In the open-label multicenter trial, 199 women were randomly assigned between December 2014 and September 2018 to receive everolimus at 10 mg once daily plus letrozole at 2.5 mg once daily (n = 101) or letrozole at 2.5 mg once daily (n = 98). Both groups received goserelin at 3.6 mg on day 1 of each 28-day cycle.

Patients in the letrozole group were permitted to cross over to receive everolimus at disease progression. The primary endpoint was progression-free survival.

Progression-Free Survival

Median progression-free survival was 19.4 months (95% confidence interval [CI] = 16.3–22.0 months) in the everolimus/letrozole group vs 12.9 months (95% CI = 7.6–15.7 months) in the letrozole group (hazard ratio [HR] = 0.64, 95% CI = 0.46–0.89, P = .008). Among 56 patients in the letrozole group (57.1%) who crossed over to receive everolimus, median progression-free survival after crossover was 5.5 months (95% CI = 3.8–8.2 months).

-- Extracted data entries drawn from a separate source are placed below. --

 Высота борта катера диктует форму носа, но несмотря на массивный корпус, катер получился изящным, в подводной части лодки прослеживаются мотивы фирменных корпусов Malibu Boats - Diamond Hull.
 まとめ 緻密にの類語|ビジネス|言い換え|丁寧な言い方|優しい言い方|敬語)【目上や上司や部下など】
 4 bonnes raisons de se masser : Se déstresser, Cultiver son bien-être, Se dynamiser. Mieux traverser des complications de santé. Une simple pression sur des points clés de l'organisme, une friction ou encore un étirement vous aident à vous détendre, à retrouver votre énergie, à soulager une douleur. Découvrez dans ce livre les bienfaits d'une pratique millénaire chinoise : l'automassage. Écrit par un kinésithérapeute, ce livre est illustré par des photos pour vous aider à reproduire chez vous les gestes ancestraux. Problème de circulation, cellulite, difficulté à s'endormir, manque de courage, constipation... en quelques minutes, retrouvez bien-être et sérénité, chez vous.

  • The addition of everolimus to letrozole significantly improved progression-free survival.
  • Patients crossing over to receive everolimus after progression had second progression-free survival of 5.5 months.

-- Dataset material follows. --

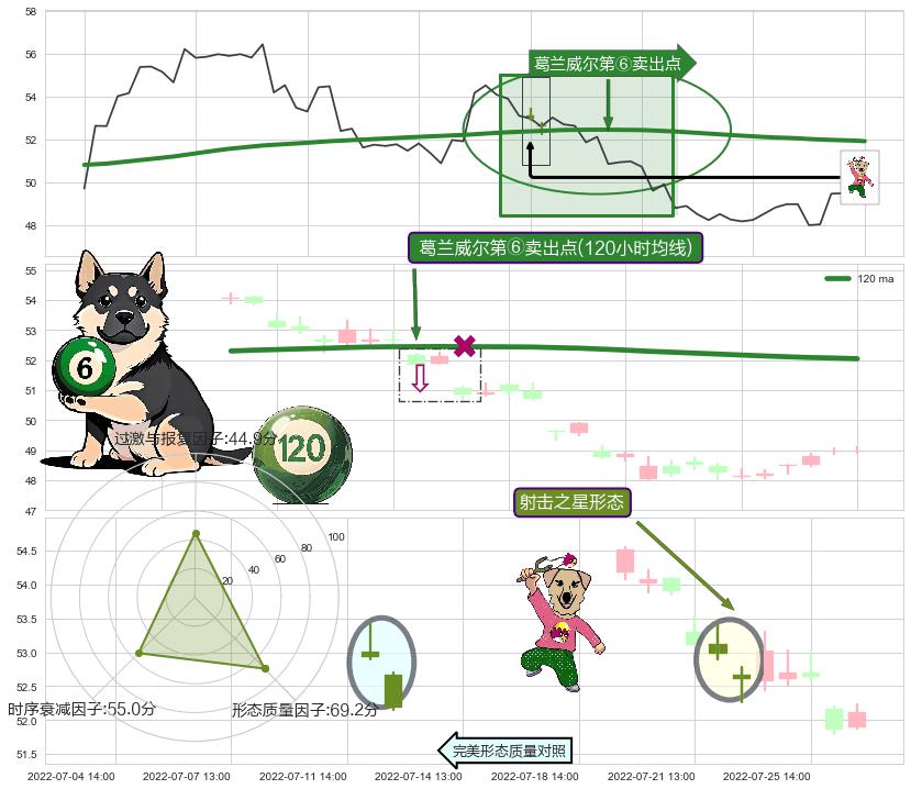 | 3 🅚:【绝命跳】卖出点 ➕ 📐:升楔型下行突破支撑位破位, 猜想持续下沉下跌,被突破的支撑位已变为阻力位 ☞ 看空信号 ⇥ 【均线】交织【图形】⇥ 综合量化分数: 44 | > |

Overall survival data were immature at data cutoff. Death had occurred in 25 patients in the everolimus/letrozole group and in 27 patients in the letrozole group (HR = 0.76, 95% CI = 0.44–1.32, P = .33). Among patients with measurable disease, objective response was observed in 33 (50.0%) of 66 in the everolimus/letrozole group vs 24 (39.3%) of 61 in the letrozole group (P = .23), with complete response in 1 patient in each group. Median duration of response was 18.7 months (95% CI = 7.6–28.6 months) vs 14.8 months (95% CI = 9.2–20.5 months).

Adverse Events

Adverse events of any grade reported more frequently in the everolimus/letrozole group included stomatitis, hypertriglyceridemia, elevated alanine aminotransferase and aspartate aminotransferase, infection, hypercholesterolemia, rash, leukopenia and neutropenia, diarrhea, headache, anemia, pneumonitis, and fatigue. Adverse events led to dose reduction in 33.7% vs 1.1% of patients, treatment delay in 53.5% vs 4.3%, and treatment discontinuation in 8.9% vs 0%.

The investigators concluded, “In this randomized clinical trial, progression-free survival was significantly longer among premenopausal patients with HR-positive/HER2-negative advanced breast cancer who received everolimus plus letrozole than among those who received letrozole alone. The results revealed that everolimus was effective even among patients receiving treatment with the same endocrine agent after disease progression.”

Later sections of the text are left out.